- Coat of arms
- Gmina Sztabin within the Augustów County
- Coordinates (Sztabin): 53°41′N 23°7′E﻿ / ﻿53.683°N 23.117°E
- Country: Poland
- Voivodeship: Podlaskie
- County: Augustów
- Seat: Sztabin

Area
- • Total: 361.8 km^{2} (139.7 sq mi)

Population (2019-06-30)
- • Total: 5,079
- • Density: 14/km^{2} (36/sq mi)
- Website: http://www.sztabin.ug.gov.pl

= Gmina Sztabin =

Gmina Sztabin is a rural gmina (administrative district) in Augustów County, Podlaskie Voivodeship, in north-eastern Poland. Its seat is the village of Sztabin, which lies approximately 21 km south-east of Augustów and 63 km north of the regional capital Białystok.

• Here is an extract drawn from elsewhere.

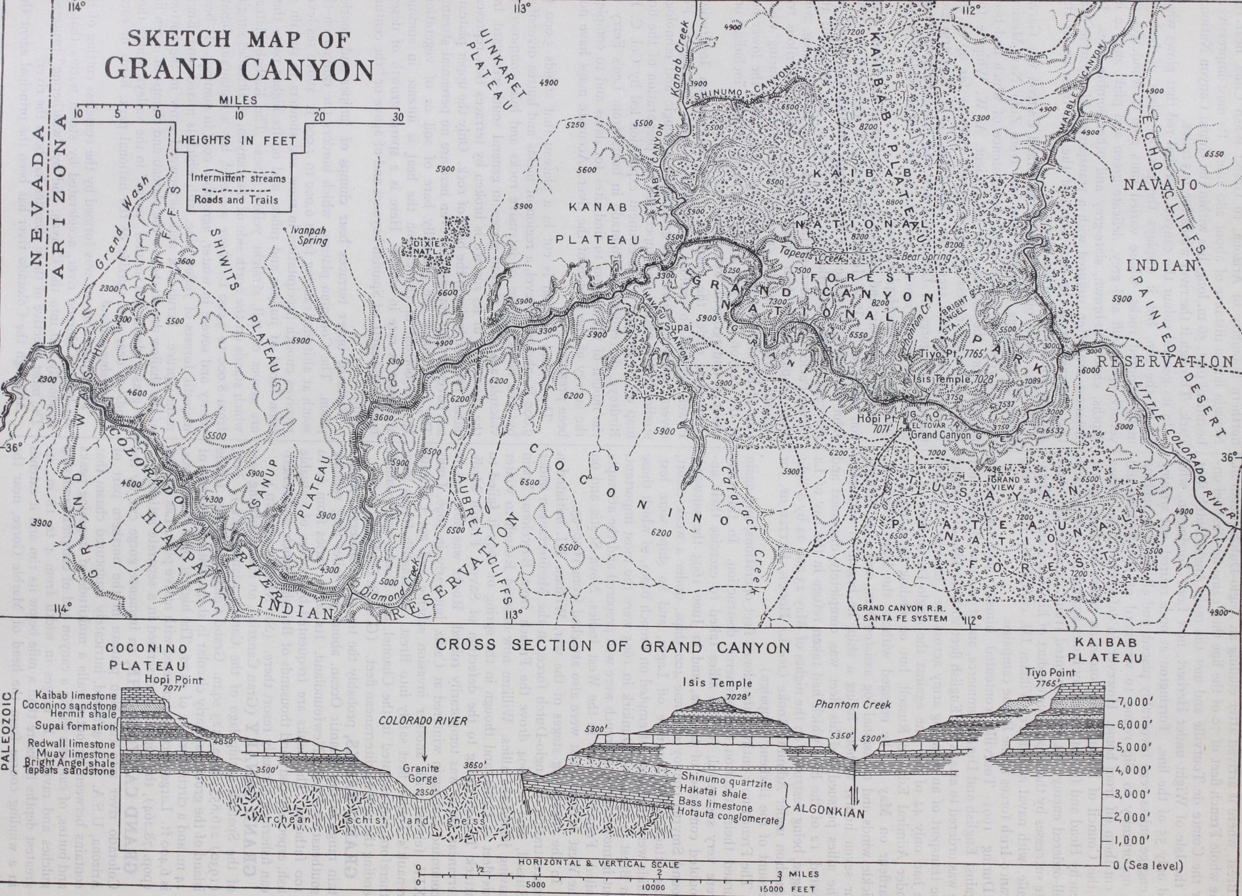While the river has been cutting its way downward the land in the plateau region has been gradually rising, and both the up lift of the land and the carving of the canyon are events of recent geologic history. The Grand Canyon is a relatively new geologic feature, even though the work of making it has been carried on for more than a million years. Although the canyon is new, the beds of rock exposed in it are old ; they tell a story that began many millions of years ago. Most of the geologic forma tions in the canyon are sedimentary—that is, were laid down in water—but the Coconino sandstone, which underlies the Kaibab limestone, the uppermost formation exposed in the walls of the canyon, appears to be in part, at least, a deposit of wind-blown sand, a sort of fossil desert. At some places volcanic rock is seen. The rock that lies below the sedimentary series is the Vishnu schist, which is greatly squeezed and crumpled and into which were injected, at some places, molten masses of igneous rock that formed dikes and sills. The red Supai formation, which underlies the Coconino sandstone and which forms the wall of the part of the canyon in which the Supai Indians live, imparts the colouring matter of its shaly beds to the underlying Redwall limestone, a hard rock which is in itself pale blue and which forms steep cliffs that can be easily traced through the canyon. At the foot of the Redwall begin the slopes of the light-buff Muav limestone and the greenish Bright Angel shale, which lead down for 70o ft. to the broadest and lowest terrace of all, the Tonto platform.

The gmina covers an area of 361.8 km2, and as of 2019 its total population is 5,079.

==Villages==
Gmina Sztabin contains the villages and settlements of Andrzejewo, Balinka, Brzozowe Grądy, Budziski, Chomaszewo, Cisów, Czarniewo, Czarny Las, Dębowo, Długie, Ewy, Fiedorowizna, Grzędy, Hruskie, Huta, Jagłowo, Jaminy, Janówek, Jasionowo Dębowskie, Jastrzębna Druga, Jastrzębna Pierwsza, Jaziewo, Kamień, Karoliny, Klonowo, Kolonie Jasionowo, Komaszówka, Kopiec, Kopytkowo, Krasnoborki, Krasnybór, Kryłatka, Kunicha, Lebiedzin, Lipowo, Łubianka, Mogilnice, Motułka, Ostrowie, Podcisówek, Polkowo, Rogowo, Ściokła, Sosnowo, Sztabin, Wilcze Bagno, Wilkownia, Wolne, Wrotki and Żmojdak.

==Neighbouring gminas==
Gmina Sztabin is bordered by the gminas of Augustów, Bargłów Kościelny, Dąbrowa Białostocka, Goniądz, Jaświły, Lipsk, Płaska and Suchowola.